One second, Aiden stood at my side like a wall of warmth, the next he was pure velocity: lunging, claws out, teeth bared, every ounce of him aimed at Kyle’s throat.

His snarl shredded the night, and for a fleeting moment, I saw something wild and beautiful in the way his muscles coiled, the way his eyes never left their target.

All the rage he’d swallowed, all his pain, offered up as a single, perfect act of violence.

Kyle didn’t even blink. He was ready, met Aiden’s momentum head-on, and the crack of their collision sounded like a pine trunk splitting beneath an axe.

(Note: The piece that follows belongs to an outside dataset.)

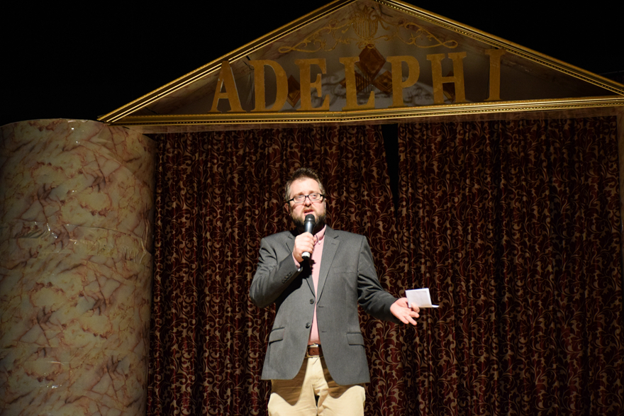 随着大幕缓缓拉开,该剧指导老师Duncan Lees作开场致辞,他表示,恰逢广外的五十周年校庆,也是广外英文戏剧社的重大转变之日。今晚的卖花女将以演配合一的形式演出。观众们即将看到的是一出以“转变”为主题的戏剧,一个中国女孩变身英国语言博士;众多中国学生化身英国贵妇、绅士。导演张鹏杰将带着他的创意为大家献上一场文化盛宴,希望大家细细欣赏。
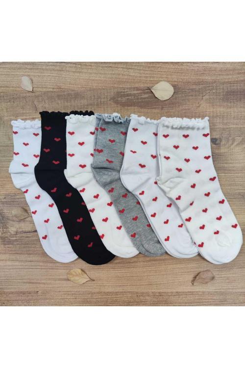 6 Çift Kadın Pamuklu Dikişsiz Kaliteli Kalpli Kıvrık Konç

The force threw both of them backwards, their bodies blurring into a tangle of limbs and teeth, claws finding flesh, fists breaking bones with wet, meaty thuds.

From the darkened edges of the forest, figures began to emerge, their forms shifting and blending with the night. Muscles rippled beneath fur as they stepped into the moonlight, eyes gleaming like shards of glass in the gloom.

A chorus of howls erupted from their throats, a primal sound that resonated through the air: deep, ancient, and ravenous, sending shivers down my spine.

The scent of earth and pine was a warning that this was no ordinary gathering; the wild heart of the pack had awakened.

In a heartbeat, the clearing was war.